▸ Supplied records
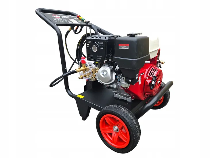 Przenośna - mobilna spalinowa myjka ciśnieniowa wyposażona w super wydajna pompę 250bar oraz ORYGINALNY 15KM silnik spalinowy HONDY 4 suwowy GX420 a także przewód o długości 8m zakończony szybko-złączami.
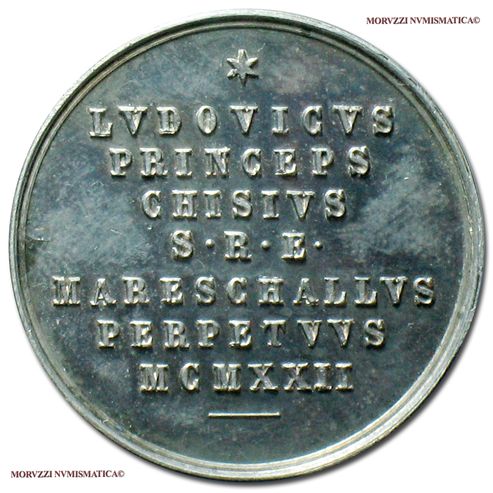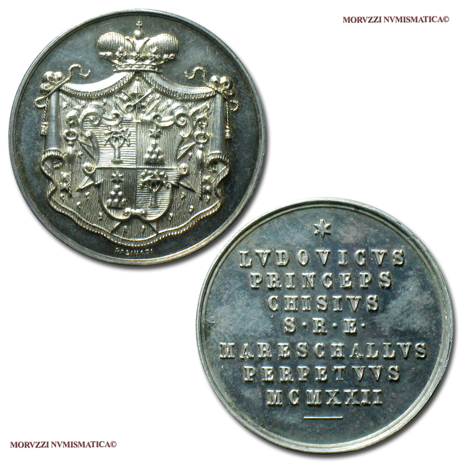 Maresciallo del Conclave Principe Ludovico Chigi, Emissione: 1922, Opus bottega di Pasinati a Roma, Rif. bibl. Boccia, 116; Carafa-Jacobini, 22; Metallo: AR, gr. 10,73, (MP140069), Diam.: mm. 29,00, FDC, (RR)
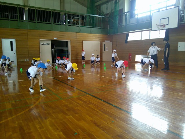 体育の時間に走りました。運動会に向けて、少しずつ走ったり、スタートの練習をしたりしています。暑いですが、思い切り体を動かして楽しそうな子どもたちでした。
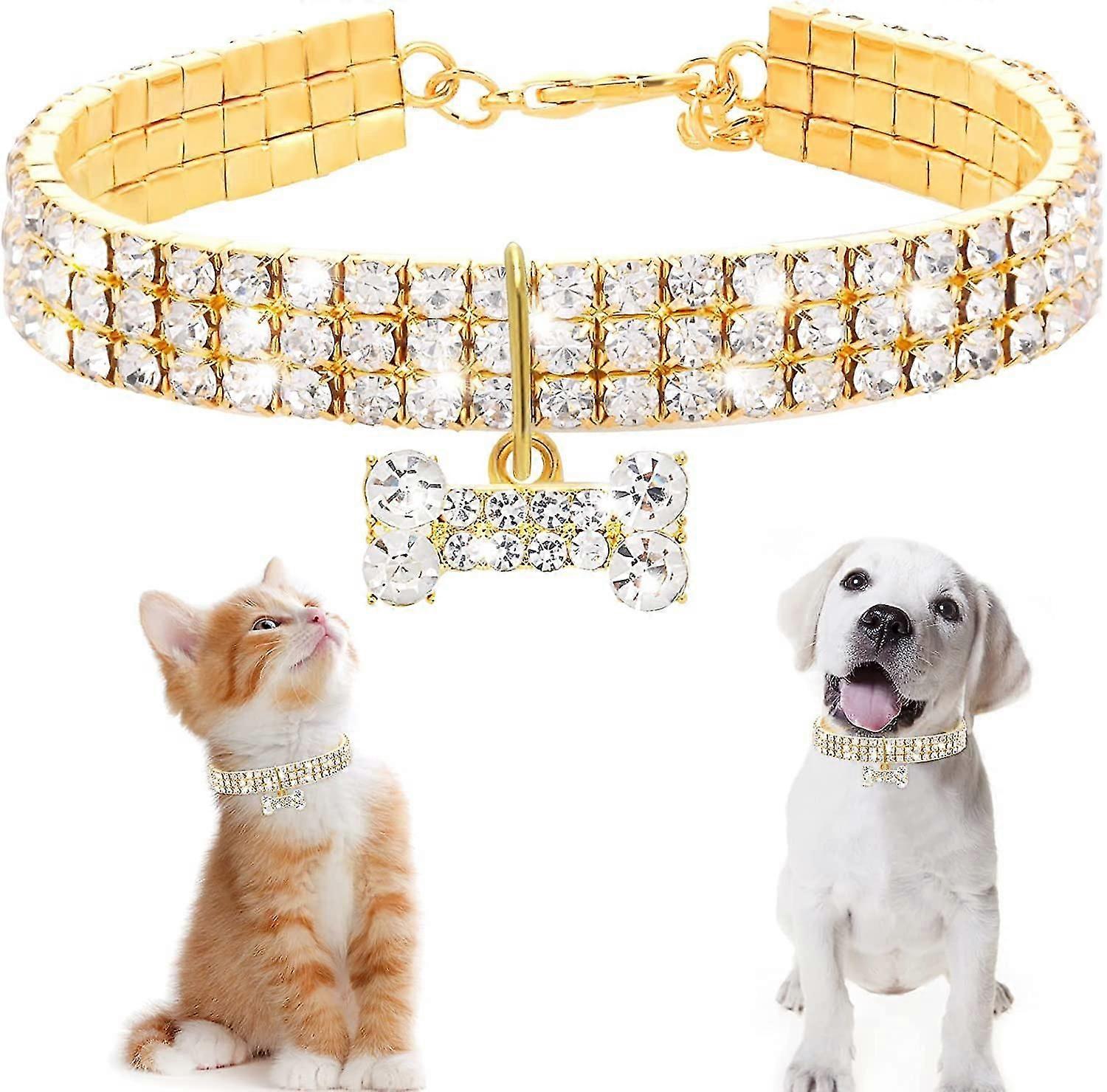 Rhinestones Cat Collars, Adjustable Bling Cat Kitten Collar Pet Collar Necklace Crystal Diamond Elastic Collar with Pendant for Cat Puppy Kitten (Gold
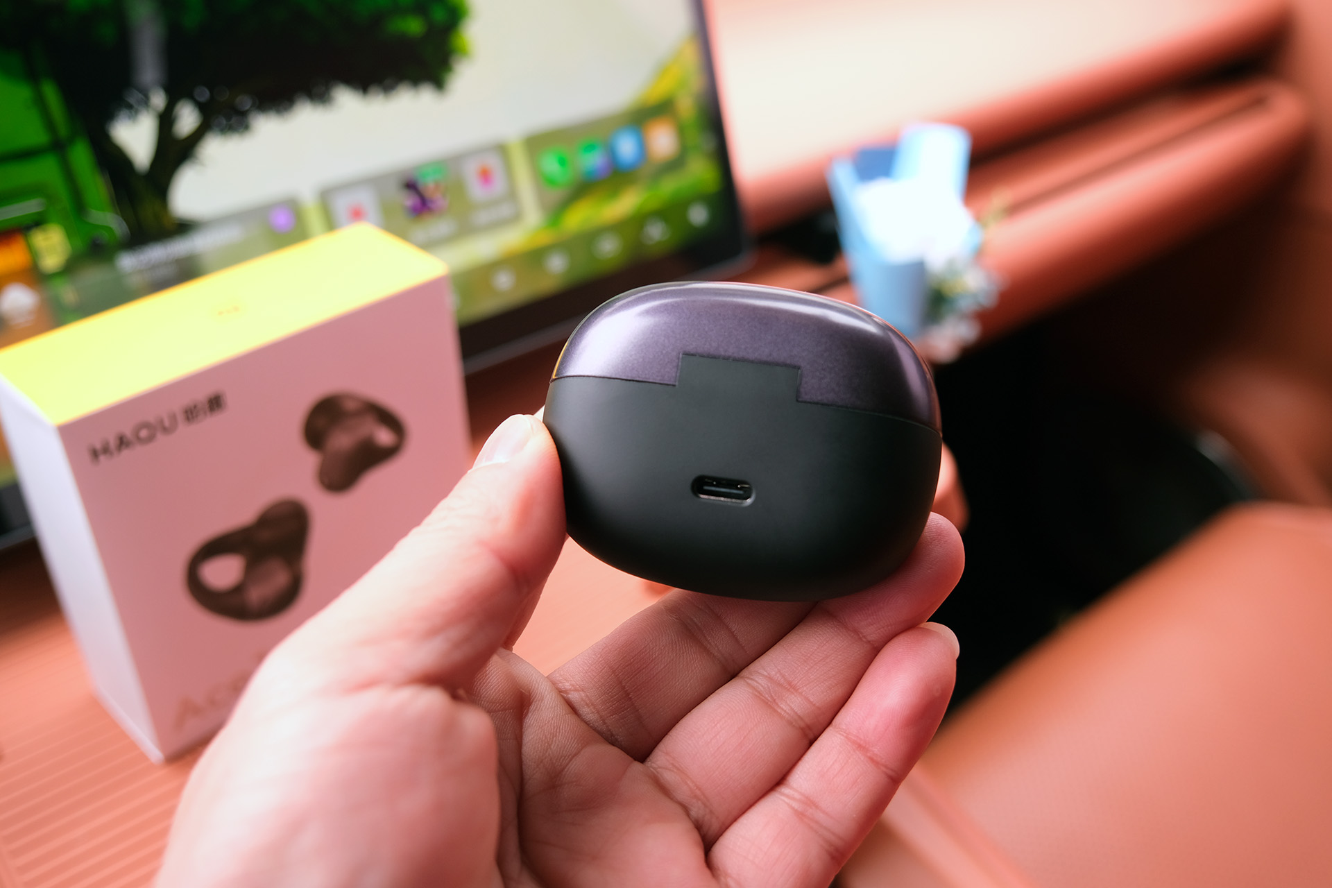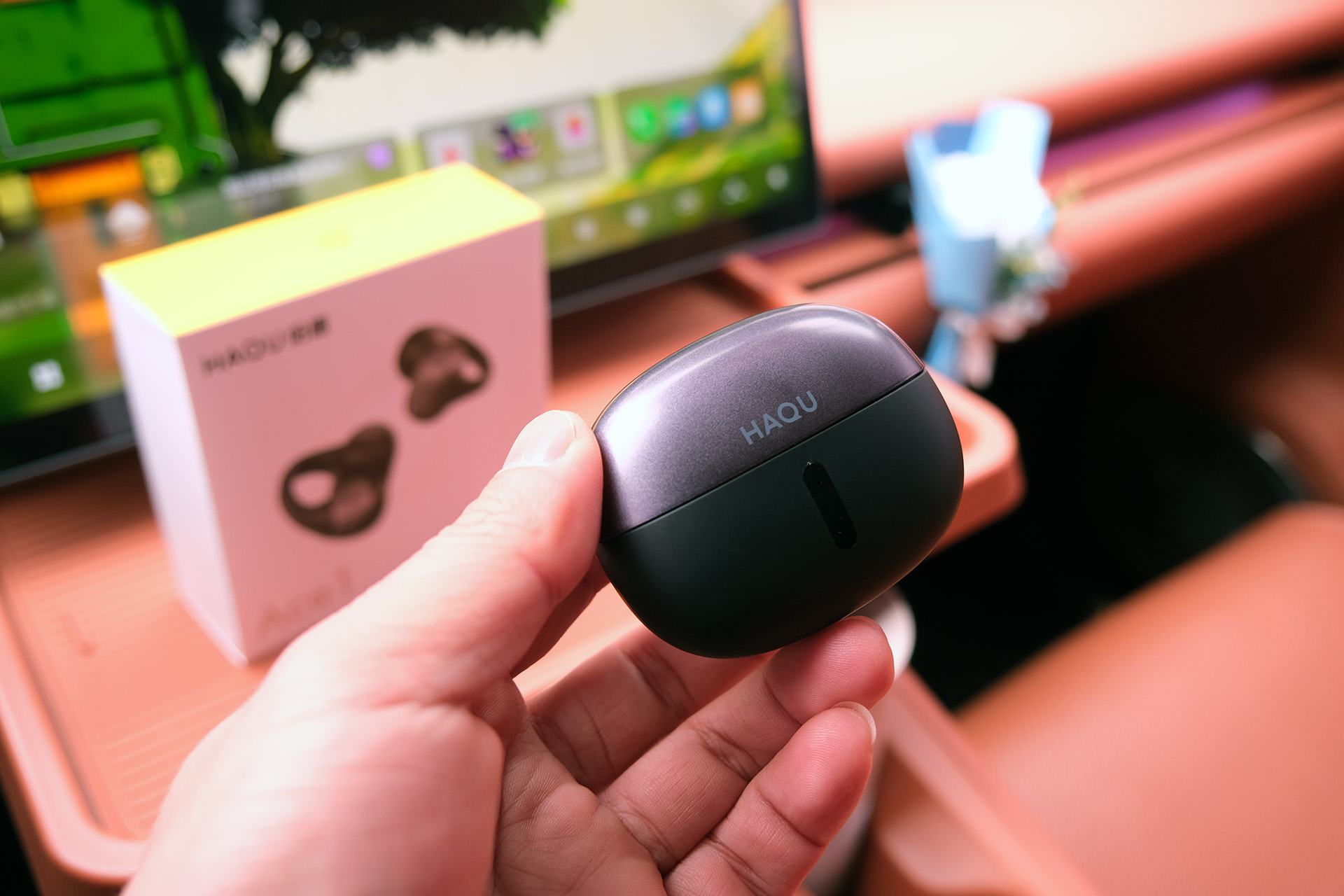 哈趣Ace1的外观设计完全长在年轻用户的审美点上,没有多余装饰,却在细节处藏着巧思。充电盒采用磨砂质感的方形设计,大小能轻松放在掌心,重量轻盈,塞进牛仔裤口袋或通勤包毫无压力,日常携带不会增加额外负担。
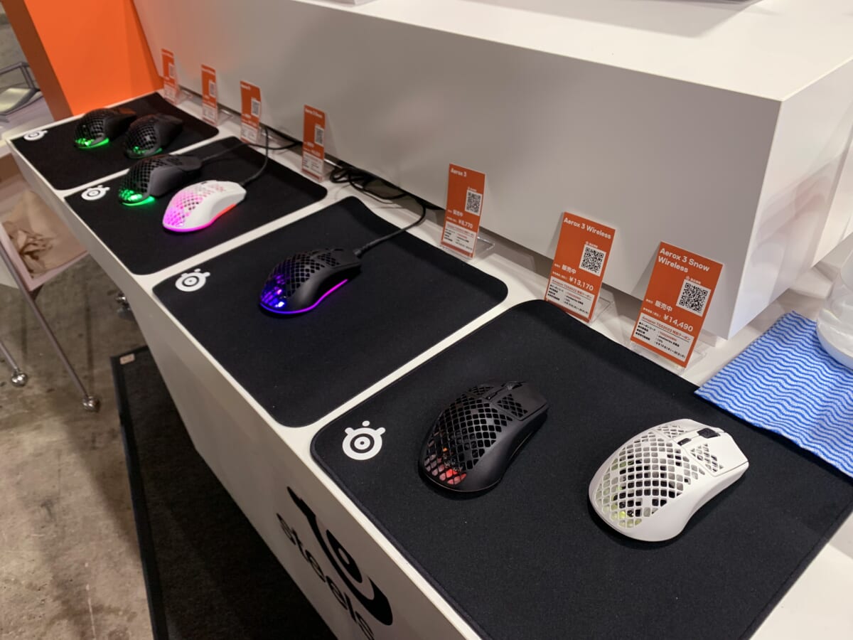 マウスは、強いコンセプトに基づいた、尖った製品が多いように感じられた。たとえば、本体を極端に軽量化するため、網目状のボディを採用したFPS用のモデルだ。FPSの重要な要素として狙いを定める「エイム」があるが、メーカー担当者によれば「軽いマウスのほうが、カーソルを瞬時に、正確に停止する動作がしやすい」のだという。
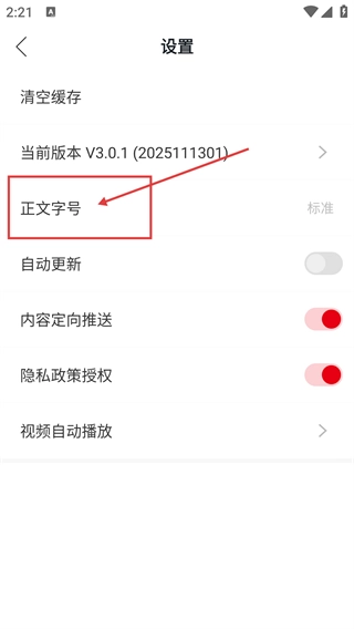 在【设置】页面中,找到并点击【正文字号】这一选项,即可进入字号设置界面,为调整新闻正文的显示字体规格做好准备。
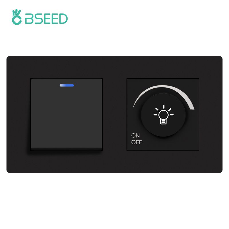 BSEED Normal Light Dimmer Switch Rotary Knob Dimmer Switch Adjustable Brightness Controller Plastic Frame Button Dimmer Switch
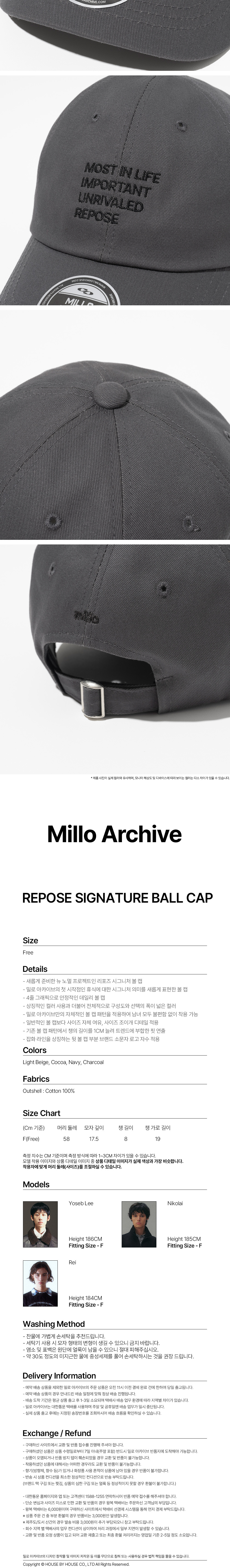 밀로 아카이브 리포즈 시그니처 볼 캡 차콜

▸ Problem details
An exact copy of the material is required, minus the pictures.

▸ Result for this task
 Przenośna - mobilna spalinowa myjka ciśnieniowa wyposażona w super wydajna pompę 250bar oraz ORYGINALNY 15KM silnik spalinowy HONDY 4 suwowy GX420 a także przewód o długości 8m zakończony szybko-złączami.
 Maresciallo del Conclave Principe Ludovico Chigi, Emissione: 1922, Opus bottega di Pasinati a Roma, Rif. bibl. Boccia, 116; Carafa-Jacobini, 22; Metallo: AR, gr. 10,73, (MP140069), Diam.: mm. 29,00, FDC, (RR)
 体育の時間に走りました。運動会に向けて、少しずつ走ったり、スタートの練習をしたりしています。暑いですが、思い切り体を動かして楽しそうな子どもたちでした。
 Rhinestones Cat Collars, Adjustable Bling Cat Kitten Collar Pet Collar Necklace Crystal Diamond Elastic Collar with Pendant for Cat Puppy Kitten (Gold
 哈趣Ace1的外观设计完全长在年轻用户的审美点上,没有多余装饰,却在细节处藏着巧思。充电盒采用磨砂质感的方形设计,大小能轻松放在掌心,重量轻盈,塞进牛仔裤口袋或通勤包毫无压力,日常携带不会增加额外负担。
 マウスは、強いコンセプトに基づいた、尖った製品が多いように感じられた。たとえば、本体を極端に軽量化するため、網目状のボディを採用したFPS用のモデルだ。FPSの重要な要素として狙いを定める「エイム」があるが、メーカー担当者によれば「軽いマウスのほうが、カーソルを瞬時に、正確に停止する動作がしやすい」のだという。
 在【设置】页面中,找到并点击【正文字号】这一选项,即可进入字号设置界面,为调整新闻正文的显示字体规格做好准备。
 BSEED Normal Light Dimmer Switch Rotary Knob Dimmer Switch Adjustable Brightness Controller Plastic Frame Button Dimmer Switch
 밀로 아카이브 리포즈 시그니처 볼 캡 차콜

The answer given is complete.